AVAILABLE DATA
==*==
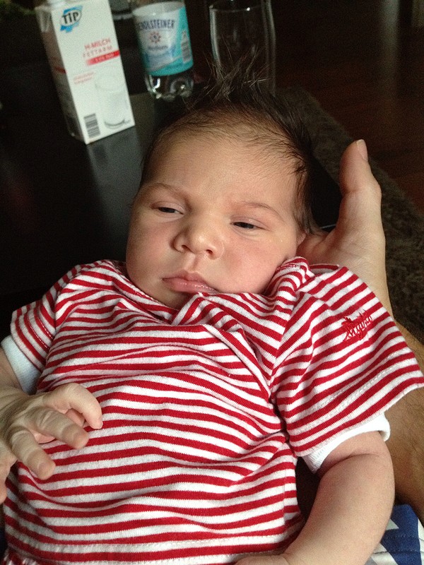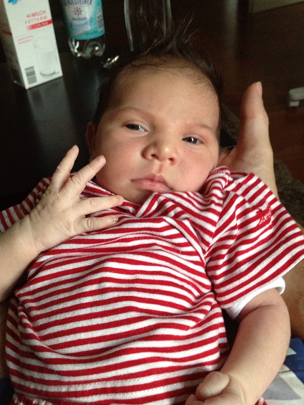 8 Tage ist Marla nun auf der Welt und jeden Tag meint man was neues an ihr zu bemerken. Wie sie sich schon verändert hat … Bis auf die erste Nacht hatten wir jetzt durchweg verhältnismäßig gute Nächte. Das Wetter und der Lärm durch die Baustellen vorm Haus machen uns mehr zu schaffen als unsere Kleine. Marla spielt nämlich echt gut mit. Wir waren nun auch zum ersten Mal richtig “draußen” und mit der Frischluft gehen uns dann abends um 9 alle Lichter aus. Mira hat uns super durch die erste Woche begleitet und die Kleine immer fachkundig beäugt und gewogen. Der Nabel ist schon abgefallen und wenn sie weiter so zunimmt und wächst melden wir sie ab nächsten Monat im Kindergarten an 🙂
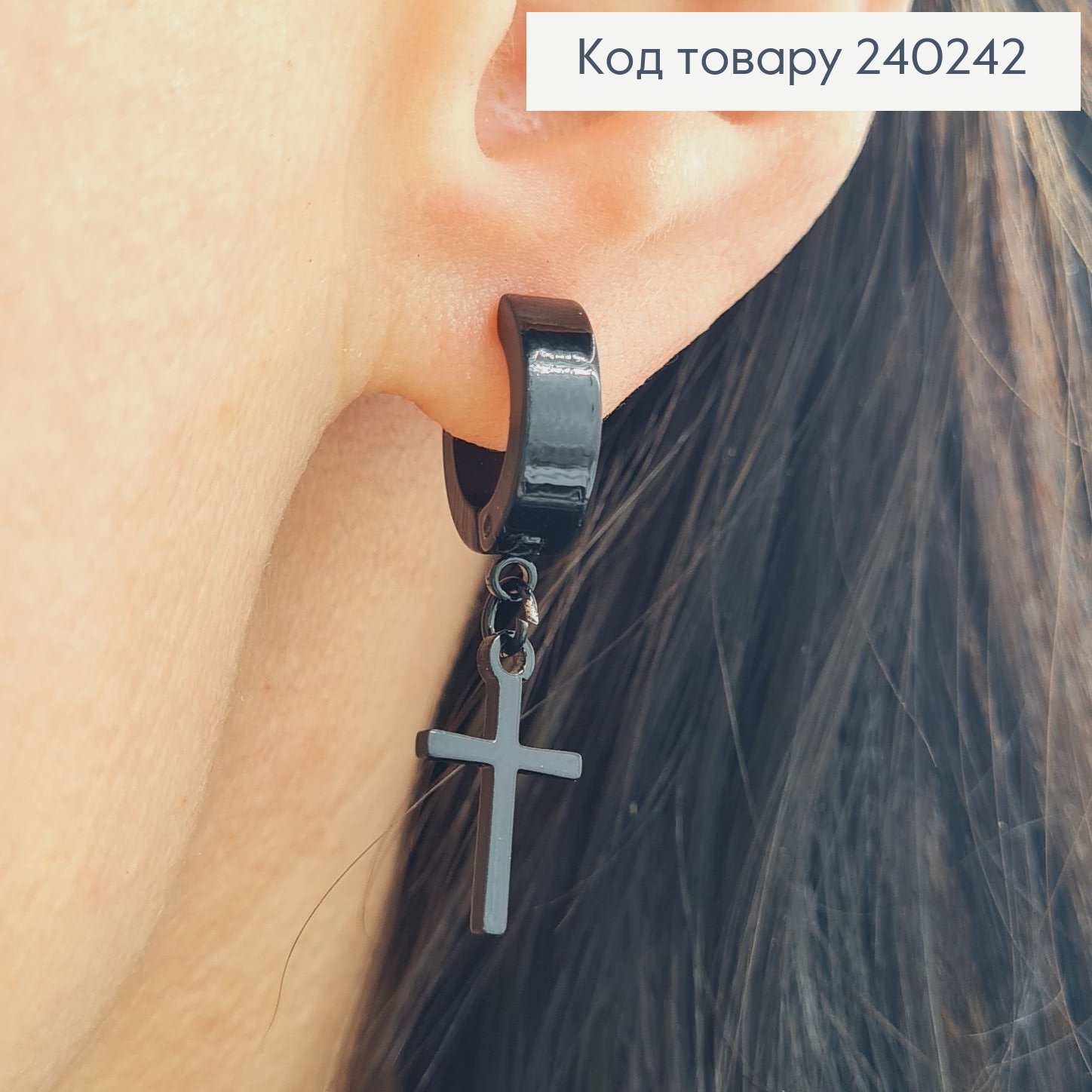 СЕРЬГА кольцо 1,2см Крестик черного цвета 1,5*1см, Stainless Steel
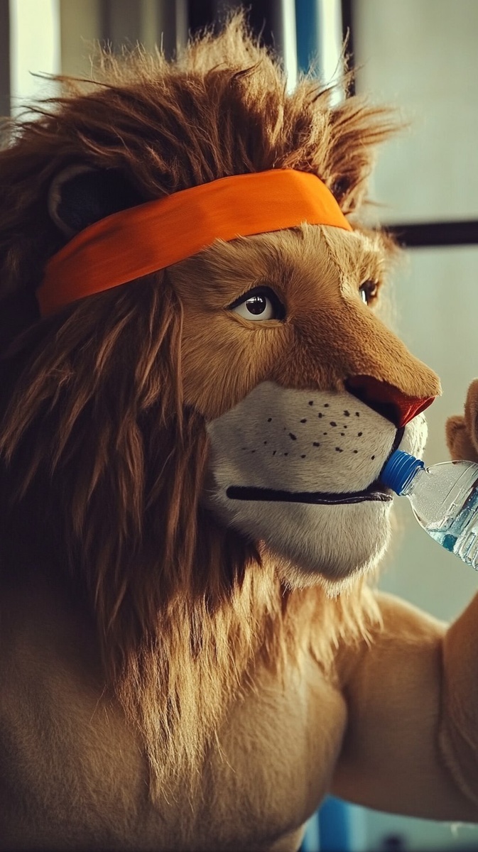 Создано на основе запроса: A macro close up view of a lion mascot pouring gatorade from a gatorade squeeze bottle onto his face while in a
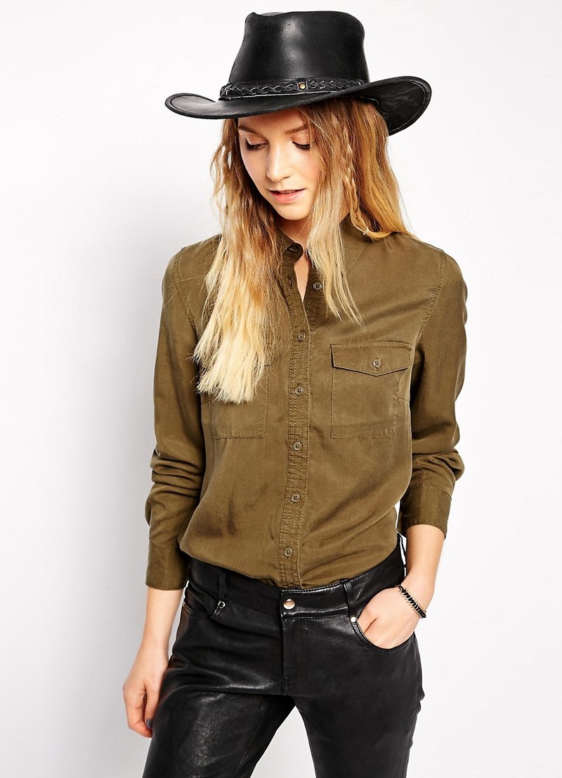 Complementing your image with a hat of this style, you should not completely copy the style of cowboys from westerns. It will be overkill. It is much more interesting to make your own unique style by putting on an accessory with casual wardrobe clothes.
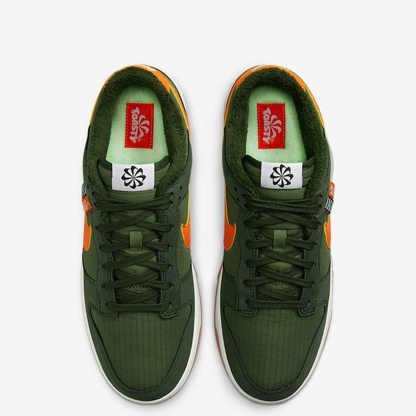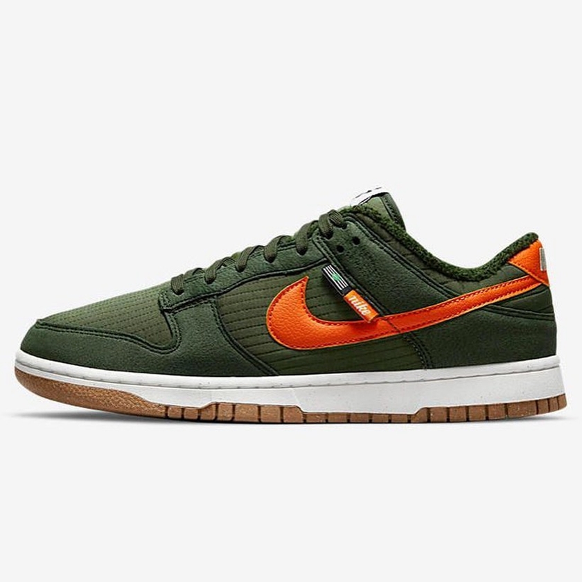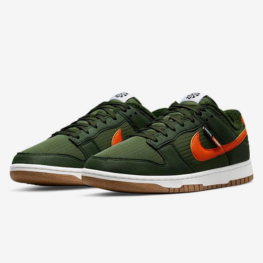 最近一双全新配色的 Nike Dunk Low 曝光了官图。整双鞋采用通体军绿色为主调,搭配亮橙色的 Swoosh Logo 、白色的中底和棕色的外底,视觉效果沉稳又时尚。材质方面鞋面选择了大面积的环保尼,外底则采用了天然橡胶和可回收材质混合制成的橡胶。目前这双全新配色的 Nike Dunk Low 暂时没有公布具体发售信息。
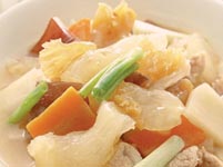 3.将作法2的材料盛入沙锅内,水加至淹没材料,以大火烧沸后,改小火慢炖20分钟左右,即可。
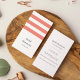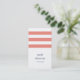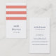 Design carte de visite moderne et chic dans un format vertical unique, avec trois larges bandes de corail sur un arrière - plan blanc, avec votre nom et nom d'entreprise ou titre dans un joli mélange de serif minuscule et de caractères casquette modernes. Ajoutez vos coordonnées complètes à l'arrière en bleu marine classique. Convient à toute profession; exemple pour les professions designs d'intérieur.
==*==
Return the lines from the one containing "Создано на основе" through the last line of the records, both included, exactly as written and with no pictures.

EXERCISE RESULT
 Создано на основе запроса: A macro close up view of a lion mascot pouring gatorade from a gatorade squeeze bottle onto his face while in a
 Complementing your image with a hat of this style, you should not completely copy the style of cowboys from westerns. It will be overkill. It is much more interesting to make your own unique style by putting on an accessory with casual wardrobe clothes.
 最近一双全新配色的 Nike Dunk Low 曝光了官图。整双鞋采用通体军绿色为主调,搭配亮橙色的 Swoosh Logo 、白色的中底和棕色的外底,视觉效果沉稳又时尚。材质方面鞋面选择了大面积的环保尼,外底则采用了天然橡胶和可回收材质混合制成的橡胶。目前这双全新配色的 Nike Dunk Low 暂时没有公布具体发售信息。
 3.将作法2的材料盛入沙锅内,水加至淹没材料,以大火烧沸后,改小火慢炖20分钟左右,即可。
 Design carte de visite moderne et chic dans un format vertical unique, avec trois larges bandes de corail sur un arrière - plan blanc, avec votre nom et nom d'entreprise ou titre dans un joli mélange de serif minuscule et de caractères casquette modernes. Ajoutez vos coordonnées complètes à l'arrière en bleu marine classique. Convient à toute profession; exemple pour les professions designs d'intérieur.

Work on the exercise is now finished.